--- DATASET EXTRACT Enclosed Below ---

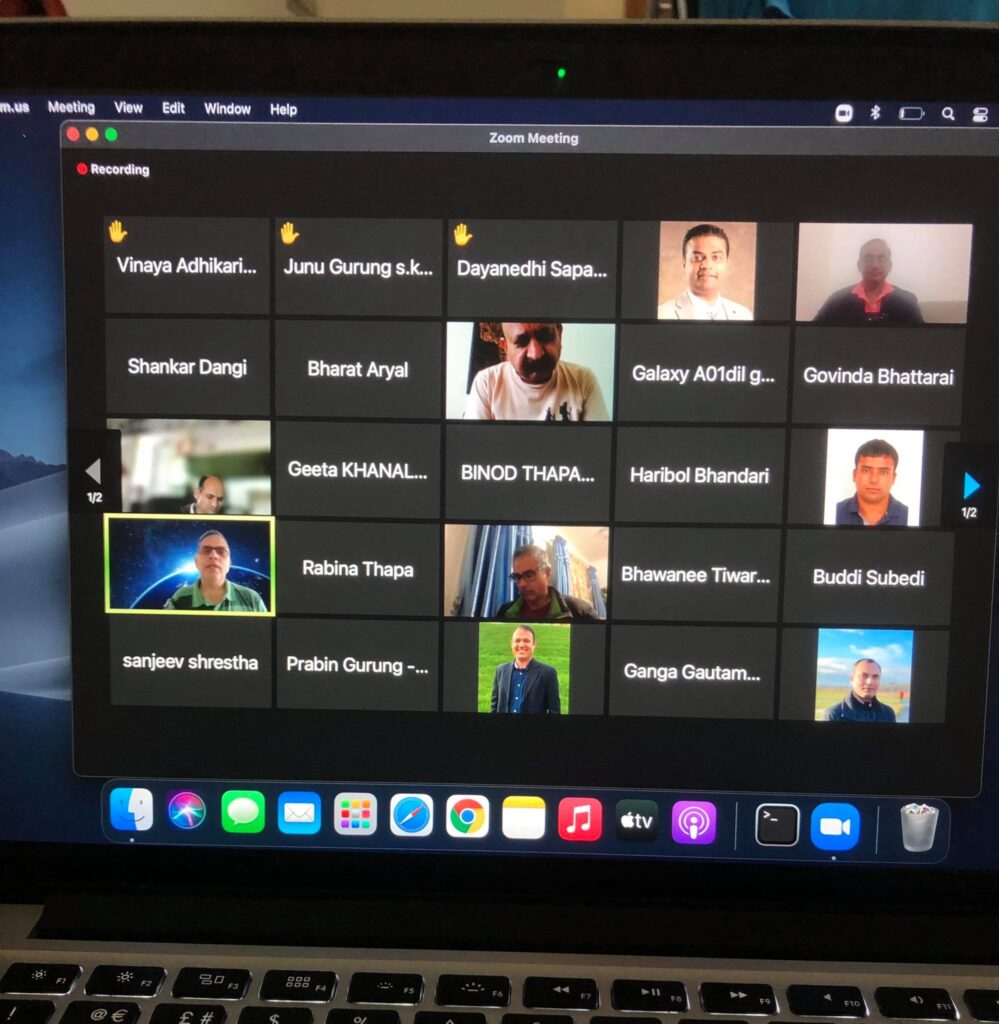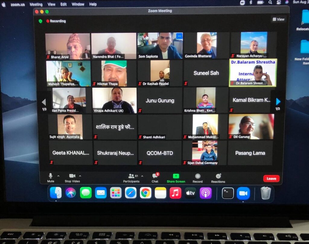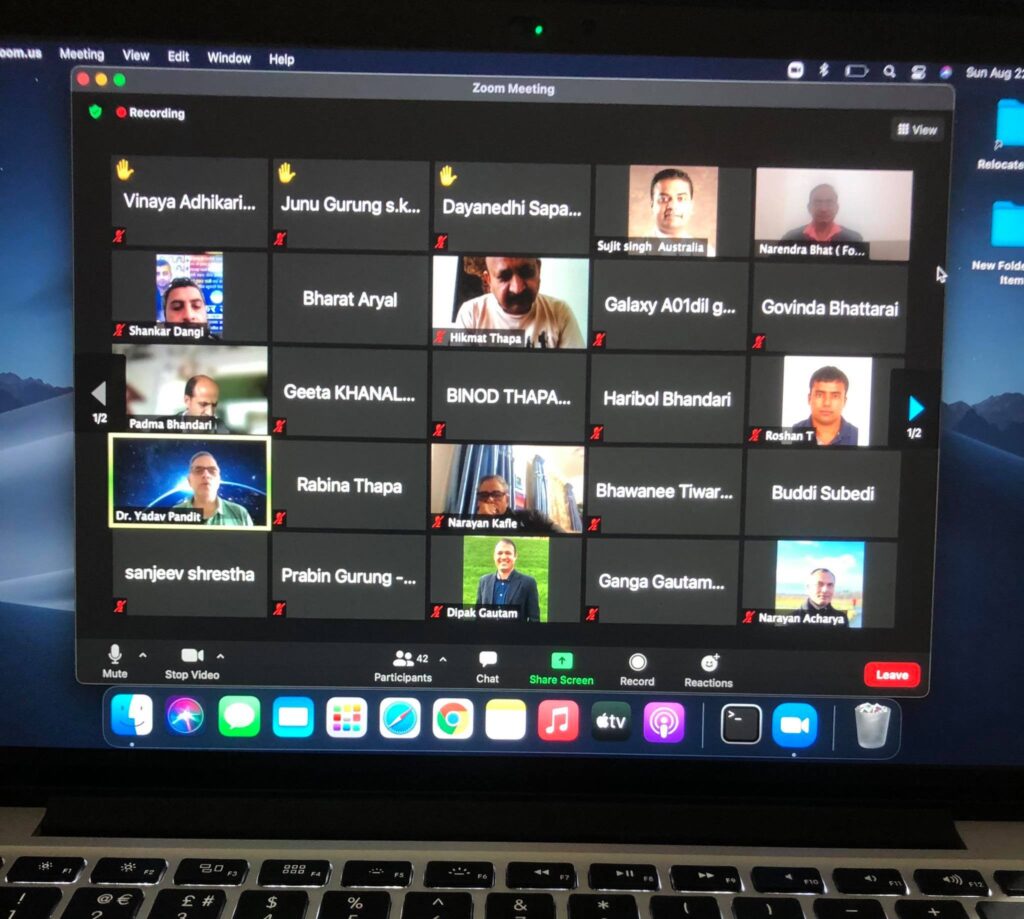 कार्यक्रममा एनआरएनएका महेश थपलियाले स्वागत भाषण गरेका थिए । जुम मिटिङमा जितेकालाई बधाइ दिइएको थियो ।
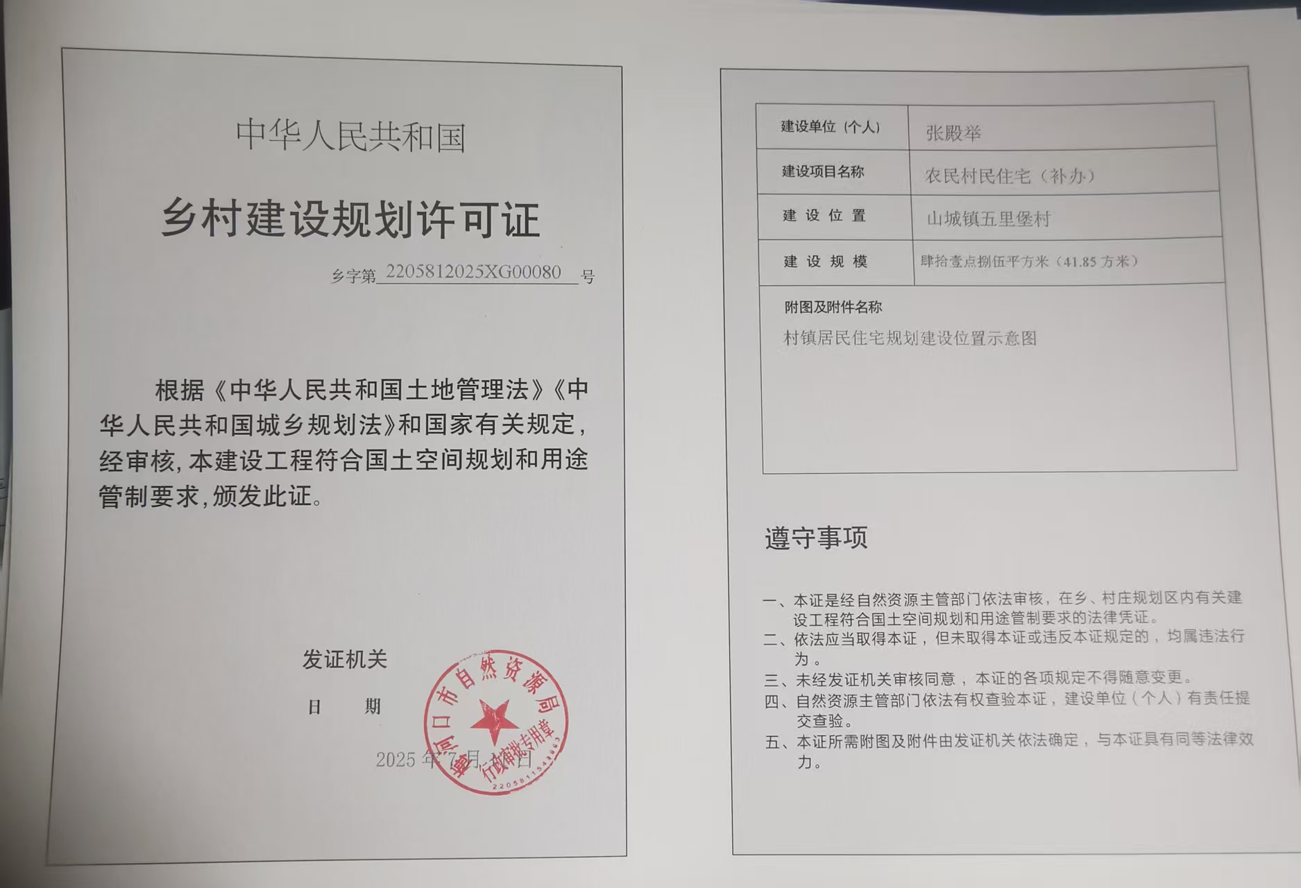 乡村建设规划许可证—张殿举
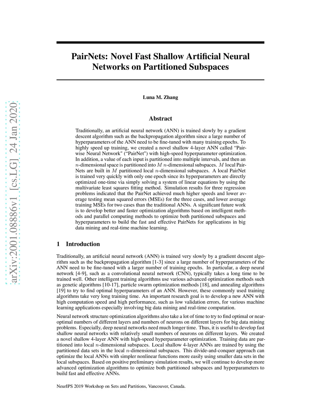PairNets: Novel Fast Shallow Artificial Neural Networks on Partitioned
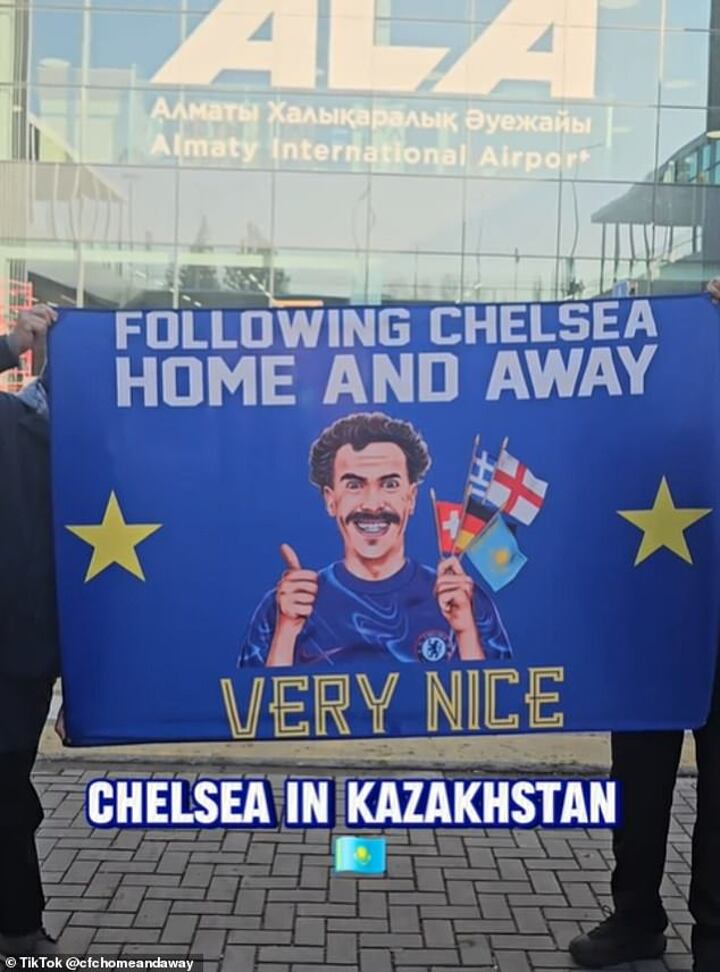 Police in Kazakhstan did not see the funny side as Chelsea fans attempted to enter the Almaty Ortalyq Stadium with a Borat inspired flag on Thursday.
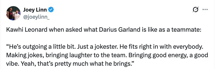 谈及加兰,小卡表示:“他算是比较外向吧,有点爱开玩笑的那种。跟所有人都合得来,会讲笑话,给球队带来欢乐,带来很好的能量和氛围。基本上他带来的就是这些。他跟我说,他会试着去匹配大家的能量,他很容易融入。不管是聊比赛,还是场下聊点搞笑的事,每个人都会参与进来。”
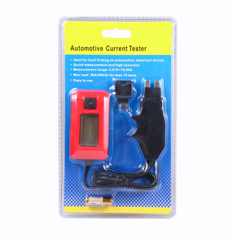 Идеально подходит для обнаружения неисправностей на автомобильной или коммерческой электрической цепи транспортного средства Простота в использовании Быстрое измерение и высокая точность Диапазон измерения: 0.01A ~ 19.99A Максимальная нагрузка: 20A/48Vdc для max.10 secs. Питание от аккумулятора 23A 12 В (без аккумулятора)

--- End of Enclosed DATASET EXTRACT ---
--- DATASET EXTRACT Enclosed Below ---

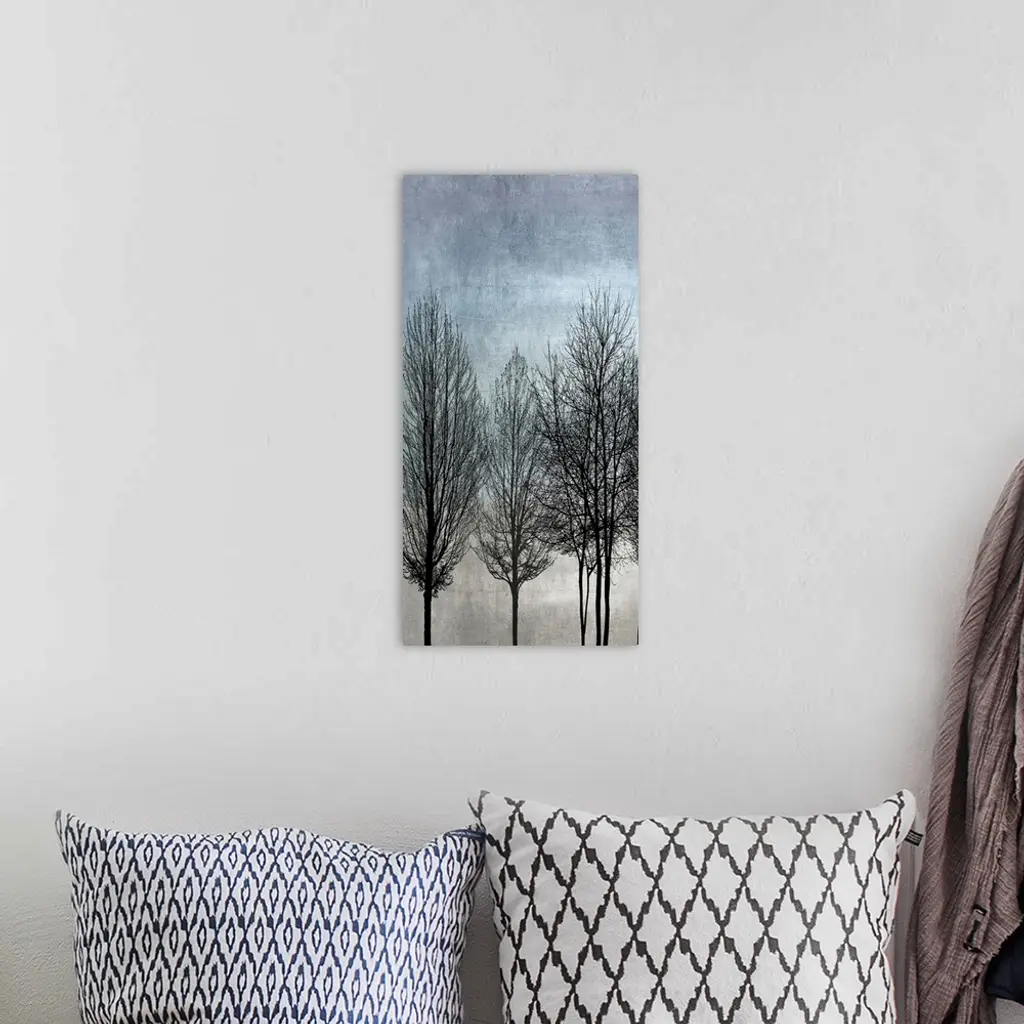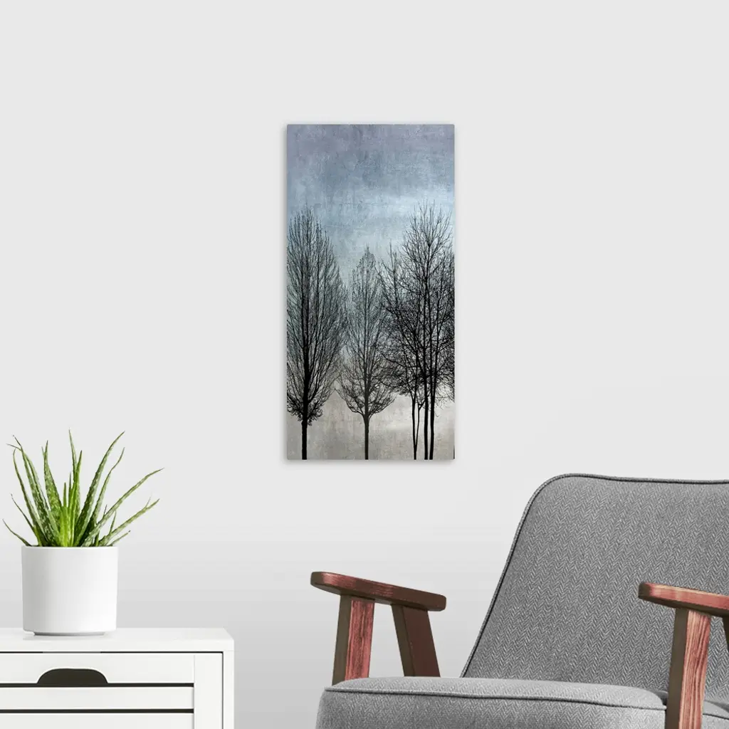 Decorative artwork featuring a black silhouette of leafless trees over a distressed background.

--- End of Enclosed DATASET EXTRACT ---

### [WHAT IS BEING ASKED]
A word-for-word reproduction is needed of the lines above from the line containing "कार्यक्रममा एनआरएनएका महेश" through the line containing "Идеально подходит для", with both ends kept and no pictures.

### [FINISHED TASK]
 कार्यक्रममा एनआरएनएका महेश थपलियाले स्वागत भाषण गरेका थिए । जुम मिटिङमा जितेकालाई बधाइ दिइएको थियो ।
 乡村建设规划许可证—张殿举
PairNets: Novel Fast Shallow Artificial Neural Networks on Partitioned
 Police in Kazakhstan did not see the funny side as Chelsea fans attempted to enter the Almaty Ortalyq Stadium with a Borat inspired flag on Thursday.
 谈及加兰,小卡表示:“他算是比较外向吧,有点爱开玩笑的那种。跟所有人都合得来,会讲笑话,给球队带来欢乐,带来很好的能量和氛围。基本上他带来的就是这些。他跟我说,他会试着去匹配大家的能量,他很容易融入。不管是聊比赛,还是场下聊点搞笑的事,每个人都会参与进来。”
 Идеально подходит для обнаружения неисправностей на автомобильной или коммерческой электрической цепи транспортного средства Простота в использовании Быстрое измерение и высокая точность Диапазон измерения: 0.01A ~ 19.99A Максимальная нагрузка: 20A/48Vdc для max.10 secs. Питание от аккумулятора 23A 12 В (без аккумулятора)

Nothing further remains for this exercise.